__Prompt__.
Every line of the listing belongs in your answer exactly as written; the images do not.
++++++
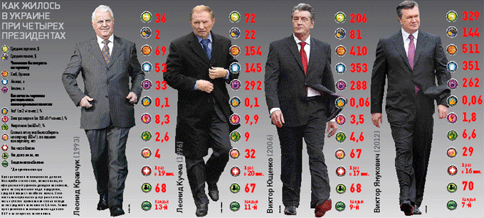 В специальном исследовании сравнивались показатели качества жизни второго года правления действующего президента с показателями второго года работы его предшественников. Так, в 2007 году при Ющенко на среднюю зарплату гражданин мог приобрести 410 буханок хлеба. В 2012-м этот показатель вырос до 511. В то же время, если 5 лет назад среднестатистический гражданин на месячную зарплату мог купить 353 литра молока, то сейчас 351. Ситуация с бензином — хуже. При Ющенко на среднюю зарплату можно было заправить 288 литров, при Януковиче — 262.
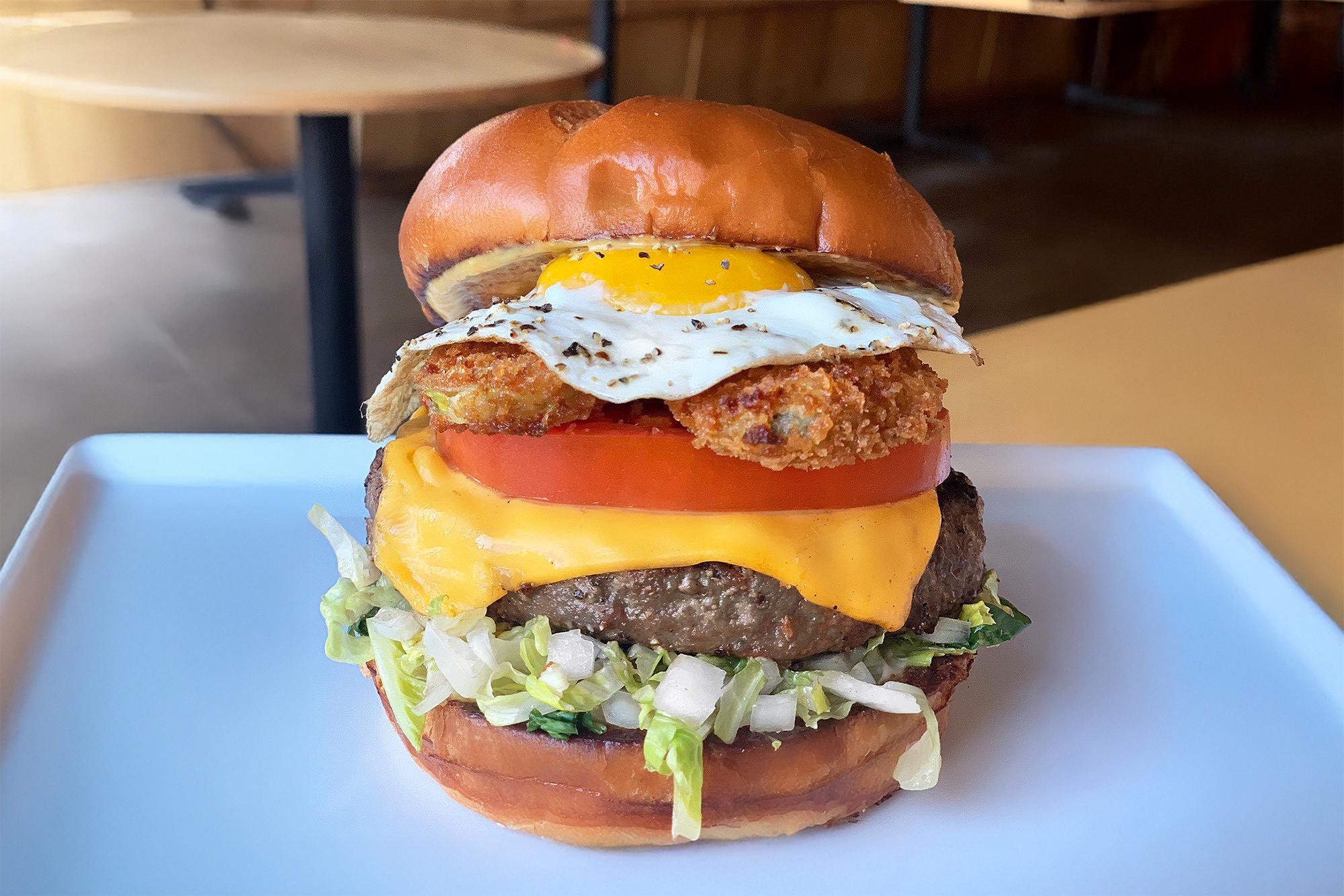 double american cheese, lettuce, onion, tomato, fried pickles, sunny fried egg, our urban sauce + bacon brioche bun
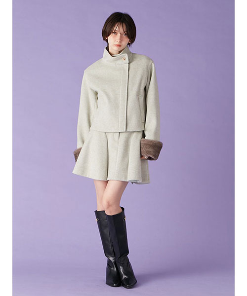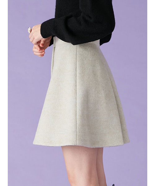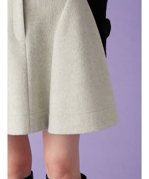 ウール混のシャギー素材を使用し、見た目にも温かみのある風合いでシーズンムードを高めます。女性らしい柔らかさと上品さを兼ね備えた素材感です。
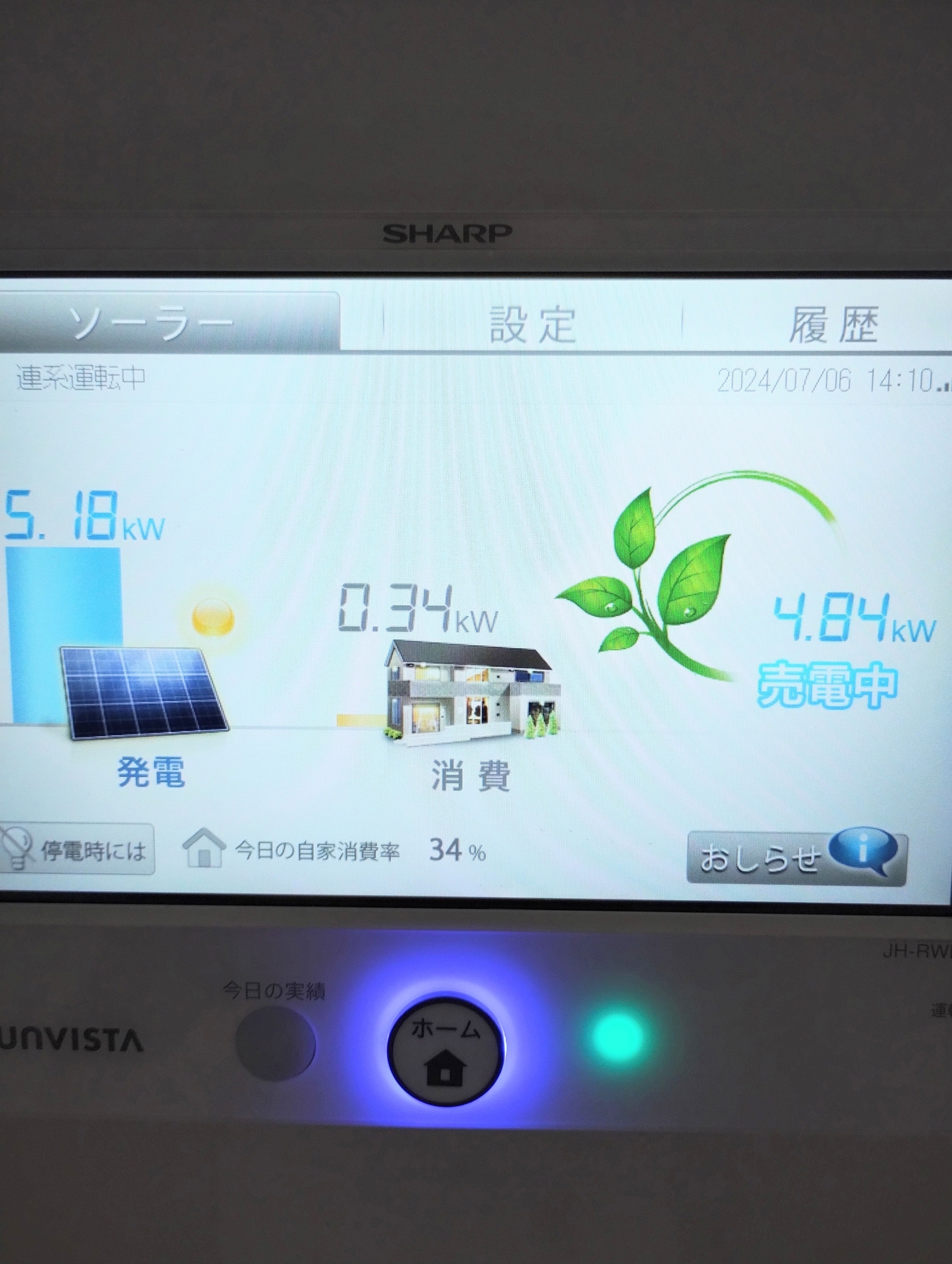 太陽光を設置して2日経ちましたが、昼間は電気代を気にせず使うことができています。
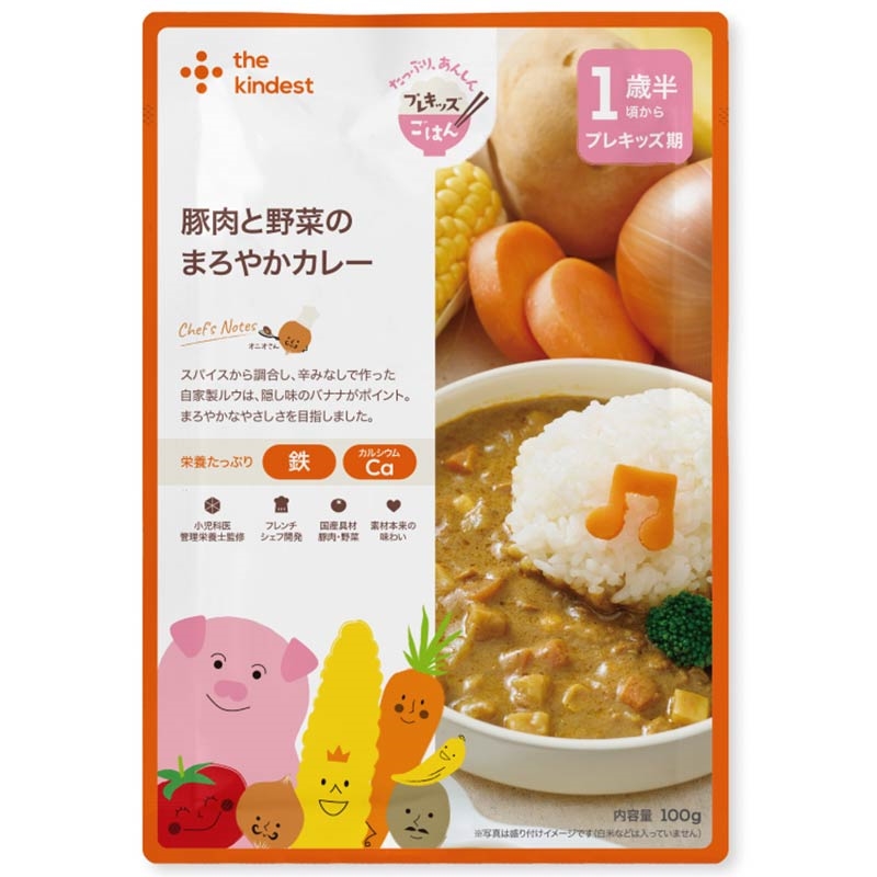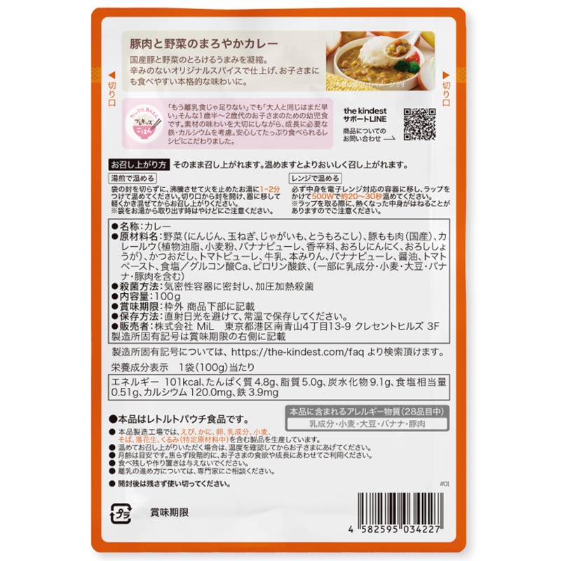 ●カレー ●材料名:野菜(にんじん、玉ねぎ、じゃがいも、とうもろこし)、豚もも肉(国産)、カレールウ(植物油脂、小麦粉、バナナピューレ、香辛料、おろしにんにく、おろししょうが)、かつおだし、トマトピューレ、牛乳、本みりん、バナナピューレ、醤油、トマトペースト、食塩/グルコン酸Ca、ピロリン酸鉄、(一部に乳成分・小麦・大豆・バナナ・豚肉を含む) ●内容量:100g ●栄養成分:1袋当たり 熱量 101kcal たんぱく質 4.8g 脂質 5.0g 炭水化物 9.1g 食塩相当量 0.51g カルシウム 120mg 鉄 3.9mg
++++++
__Solution for this exercise__.
 В специальном исследовании сравнивались показатели качества жизни второго года правления действующего президента с показателями второго года работы его предшественников. Так, в 2007 году при Ющенко на среднюю зарплату гражданин мог приобрести 410 буханок хлеба. В 2012-м этот показатель вырос до 511. В то же время, если 5 лет назад среднестатистический гражданин на месячную зарплату мог купить 353 литра молока, то сейчас 351. Ситуация с бензином — хуже. При Ющенко на среднюю зарплату можно было заправить 288 литров, при Януковиче — 262.
 double american cheese, lettuce, onion, tomato, fried pickles, sunny fried egg, our urban sauce + bacon brioche bun
 ウール混のシャギー素材を使用し、見た目にも温かみのある風合いでシーズンムードを高めます。女性らしい柔らかさと上品さを兼ね備えた素材感です。
 太陽光を設置して2日経ちましたが、昼間は電気代を気にせず使うことができています。
 ●カレー ●材料名:野菜(にんじん、玉ねぎ、じゃがいも、とうもろこし)、豚もも肉(国産)、カレールウ(植物油脂、小麦粉、バナナピューレ、香辛料、おろしにんにく、おろししょうが)、かつおだし、トマトピューレ、牛乳、本みりん、バナナピューレ、醤油、トマトペースト、食塩/グルコン酸Ca、ピロリン酸鉄、(一部に乳成分・小麦・大豆・バナナ・豚肉を含む) ●内容量:100g ●栄養成分:1袋当たり 熱量 101kcal たんぱく質 4.8g 脂質 5.0g 炭水化物 9.1g 食塩相当量 0.51g カルシウム 120mg 鉄 3.9mg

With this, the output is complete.